Based on [1], this patch implements changes to the playbook which executes the cinder deployment in a play per host group, serialised to ensure that: 1. The services are changed in the right order. 2. The services remain available at all times during an upgrade. 3. Online data migrations are actioned once all versions of software are at the same levels. 4. If services are sharing a host/container then the role execution will not execute twice on the same host. [1] https://docs.openstack.org/developer/cinder/upgrade.html#minimal-downtime-upgrade-procedure Depends-On: Id95cae40f736ea2c84200955fccdb44ea3bc1dd8 Depends-On: If5729671cb69f928df660ec2d9ba83fe3f567946 Depends-On: I9aacda78f92355374af3f4ab24d2d9a9b47491ed Change-Id: I0bdb51ce0d8b3b9a145d29ef6808e1fe595924e2
2017-06-01 18:36:04 +01:00 · 2017-06-01 18:36:04 +01:00 · ef12bf04ed
parent 4ecc7c3f27
commit ef12bf04ed
6 changed files with 391 additions and 87 deletions
--- a/group_vars/all/all.yml
+++ b/group_vars/all/all.yml
@ -113,3 +113,7 @@ ansible_ssh_extra_args: >
  -o ForwardX11=no
  -o ForwardAgent=yes
  -T
+
+# Toggle whether the service is deployed in a container or not
+is_metal: "{{ properties.is_metal | default(false) }}"
+
--- a/group_vars/cinder_all.yml
+++ b/group_vars/cinder_all.yml
@ -13,8 +13,15 @@
 # See the License for the specific language governing permissions and
 # limitations under the License.

+# The MySQL details for the cinder service
+cinder_galera_user: cinder
+cinder_galera_database: cinder
+cinder_galera_address: "{{ galera_address }}"
+
+# The address used to listen for communications
 cinder_management_address: "{{ ansible_host }}"

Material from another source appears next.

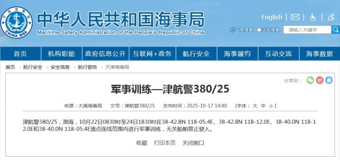 航行警告!渤海部分海域进行军事训练 禁止驶入 中国新闻网 2025-10-22 10:52 68609 中新网10月22日电 据中国海事局网站消息,大港海事局发布航行警告,10月22日8时30分至24日18时30分,渤海部分海域进行军事训练,无关船舶禁止驶入。中国海事局网站截图 评论 2 静天 2025-10-22 发表于四川 强大的祖国 逗比吶你在哪 2025-10-22 发表于四川 国强则民安 我要评论
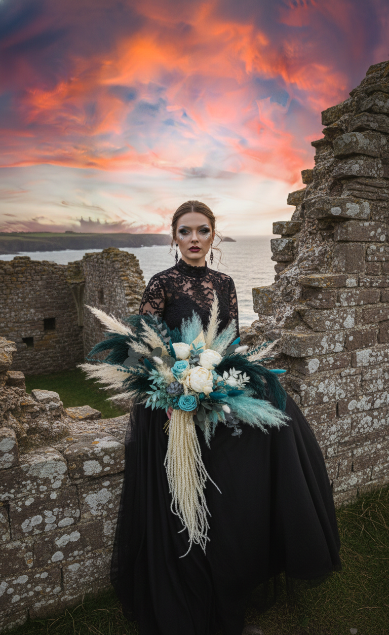 This exquisite bouquet seems to capture the breath of the steppe wind and the warmth of a sunny day. Its palette intertwines shades of milky silk, ivory, and vanilla cream, softly contrasting with deep turquoise tones reminiscent of ocean waves in the morning sunlight.

+# The address used for communications with the glance service
 cinder_glance_host: "{{ internal_lb_vip_address }}"
 cinder_glance_service_port: "{{ glance_service_port }}"

@ -31,6 +38,9 @@ cinder_glance_api_servers: "{{ glance_api_servers }}"
 # Ensure that the package state matches the global setting
 cinder_package_state: "{{ package_state }}"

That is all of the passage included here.